Part 1

31 1 0
                                        

Seorang penulis tampan meramaikan suasana pesta di sebuah klub.

Pesta tersebut rupanya pesta ulang tahun sang penulis , Candra . Di tengah suasana pesta yang bertambah semarak, tidak ada yang menyadari masuknya seorang pria misterius membawa sebuah garpu.

Para hadirin bersorak ketika kekasih Candra mencium Candra . Candra balas mencium kekasihnya itu untuk memenuhi permintaan para tamu agar mereka berciuman sekali lagi.

Tiba-tiba suara riuh itu terhenti dan tersisa suara satu orang. Candra berbalik untuk melihat orang tersebut. Ia tertegun melihat Bagas.

Bagas meninju wajah Candra lalu menusuk pundaknya dengan garpu yang dibawanya. Berkali-kali. Candra roboh ke lantai. Beberapa orang berusaha menghentikan Bagas tapi ia terus mengamuk dan melukai orang-orang yang hendak menghentikannya.

Kekasih Candra berteriak histeris sambil menangis meminta pertolongan untuk Candra.

"Kakak! Kak Can!" seorang anak SMA menghampirinya sambil menangis.

"Kakak...." Panggilnya dalam hati. "Ah, si bodoh itu."

Air matanya mengalir lalu ia memejamkan matanya.

***

Kayla pulang ke rumah yang nampak sepi. Seisi rumah nampak bersih tapi di meja berserakan bungkus-bungkus sisa makanan dan bak cuci piring penuh dengan alat makan kotor. Kayla mengernyit sedikit lalu mencuci sebuah mangkuk dan mengisinya dengan sereal. Kayla bukanlah tipe wanita yang mengutamakan kebersihan.

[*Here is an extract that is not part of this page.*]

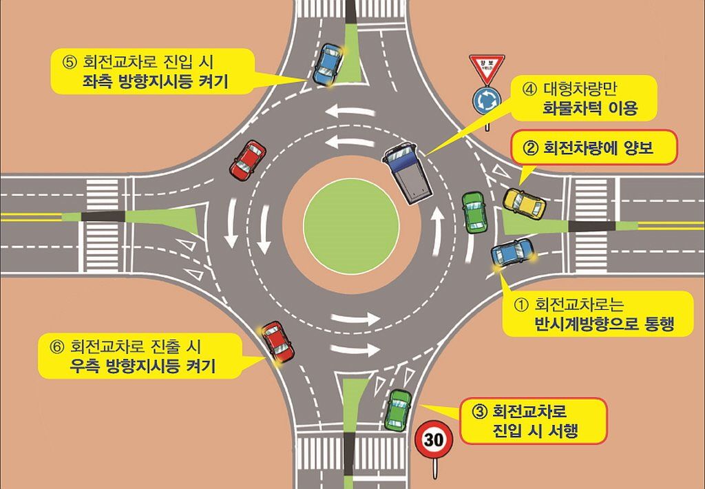 모든 회전 교차로는 반시계 방향으로 돌아야 합니다. 회전 교차로를 진입할 때 핸들을 왼쪽으로 틀면 왼쪽 방향 지시등, 빠져나갈 때에는 반대로 오른쪽 방향지시등을 켜야 합니다.

Ia memakan serealnya sambil menonton televisi. Televisi menayangkan berita mengenai keputusan final kasus penyerangan terhadap Candra. Disebutkan ia sudah meminta hakim mempertimbangkan keringana hukuman dengan alasan kakaknya masih dalam keadaan sensitif setelah mendekam lama di penjara. Tapi hakim menyatakan bahwa korban penyerangan bukan hanya ia tapi juga beberapa orang lainnya. Dan karena Bagas tidak menunjukkan pertobatan dari hukuman sebelumnya, ia dijatuhi hukuman 20 bulan penjara.

"Dia ini selebritis atau penulis? Melihat wajahnya yang berkilau, ia terlihat seperti tipe orang yang mencari keuntungan dengan wajahnya itu"

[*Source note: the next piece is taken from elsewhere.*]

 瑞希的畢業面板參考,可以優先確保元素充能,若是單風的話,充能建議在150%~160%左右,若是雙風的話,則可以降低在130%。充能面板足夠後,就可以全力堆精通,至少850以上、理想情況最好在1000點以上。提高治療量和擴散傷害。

Kayla mematikan televisi dengan kesal karena sepertinya Candra akan menunda peluncuran novel terbarunya. Padahal ia sudah menunggu berbulan-bulan. Ia mengomel Candra tidak sopan pada para pembaca bukunya.

Kayla mengambil sebuah apel lalu menggigitnya. Belum sepat ia selesai mengunyah, seseorang merebut apelnya dan memakannya.

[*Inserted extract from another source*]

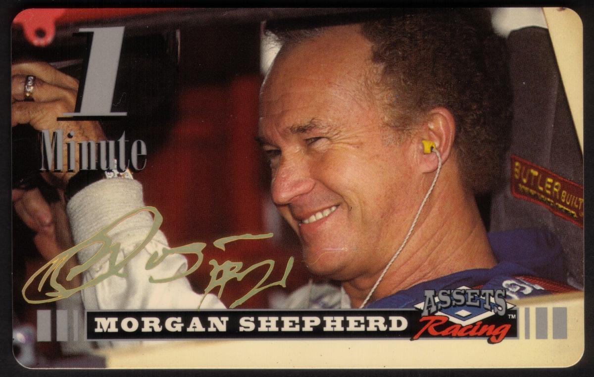 Overall, this collectible card represents a specific moment in NASCAR history, combining Morgan Shepherd’s name, his race car, and detailed automotive graphics. The use of printed signature and the related text firmly associate the card with the 1995 Assets Racing collection, giving it a strong connection to that racing era.

"Kau ini selalu aja buat keributan, mengapa kamu juga ingin tinggal dirumah ini?" Fatah mengomel. Kayla mengambil kembali apelnya.

"Ya aku memang orang yang seperti itu"

Fatah terus mencerocos mengomeli Kayla yang menyalakan TV keras-keras padahal hari masih pagi. Juga Kayla meninggalkan mangkuknya begitu saja di atas meja tanpa membawanya ke dapur.

"Aku ini teman serumah dan seniormu, bukan pelayanmu! Jika kau pikir ini rumah anjing di mana kau hidup sendirian, maka pikirkanlah lagi!"

"Rumah ini memang sudah menjadi rumah anjing," sahut Kayla.

"Angga! Aku pulang"

"Hei jangan ganggu dia! Sudah 5 hari menangis karena cintanya ditolak". Teriak Fatah

Kayla tak peduli dan terus berteriak memanggil Angga.

"Angga".

Fatah terpaksa menyusul Kayla. Kayla membuka pintu kamar Angga tanpa mengetuknya lebih dulu. Untung Angga masih tertidur lelap.

Kayla melihat tissue berserakan di lantai.

"Angga menggunakan tissue-tissue itu untuk membuang ingus!" Ucap Fatah datar.